### PROBLEM TO SOLVE
The required output is the run of lines from the one holding "Download or print" through the final line of the listing, restated word for word, with no pictures.

### COLLECTED MATERIAL
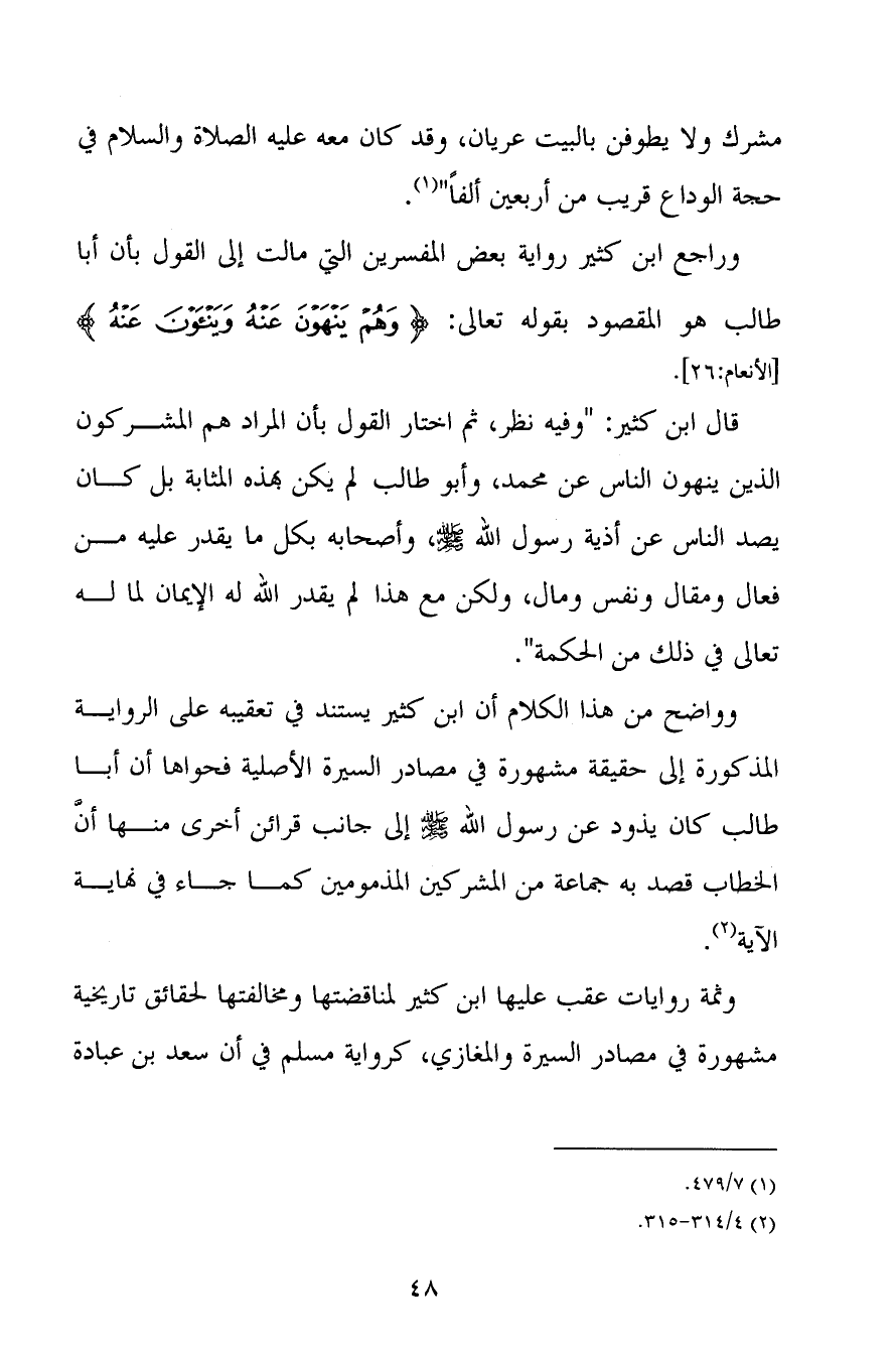 وواضح من هذا الكلام أن ابن كثير يستند في تعقيبه على الرواية المذكورة إلى حقيقة مشهورة في مصادر السيرة الأصلية فحواها أن أبا طالب كان يذود عن رسول الله صلى الله عليه وسلم إلى جانب قرائن أخرى منها أنَّ الخطاب قصد به جماعة من المشركين المذمومين كما جاء في نهاية الآية (2) .
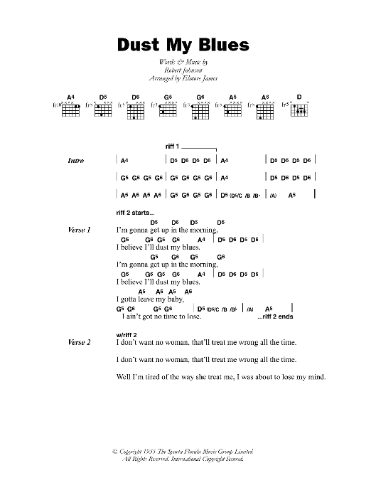 Download or print Elmore James Dust My Blues sheet music, chords and digital score arranged for Guitar Chords/Lyrics. This Blues score includes 2 page(s).
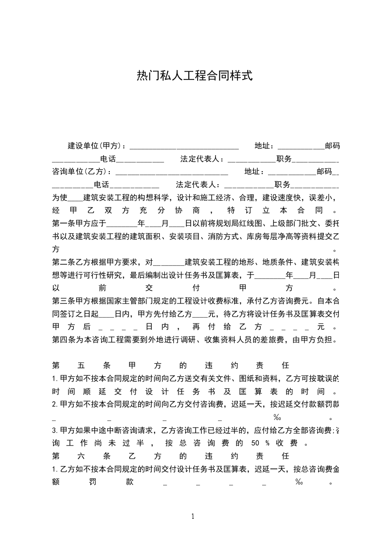 1.乙方如不按本合同规定的时间交付设计任务书及匡算表,迟延一天,按总咨询费金额罚款____‰。

### COMPLETED EXERCISE
 Download or print Elmore James Dust My Blues sheet music, chords and digital score arranged for Guitar Chords/Lyrics. This Blues score includes 2 page(s).
 1.乙方如不按本合同规定的时间交付设计任务书及匡算表,迟延一天,按总咨询费金额罚款____‰。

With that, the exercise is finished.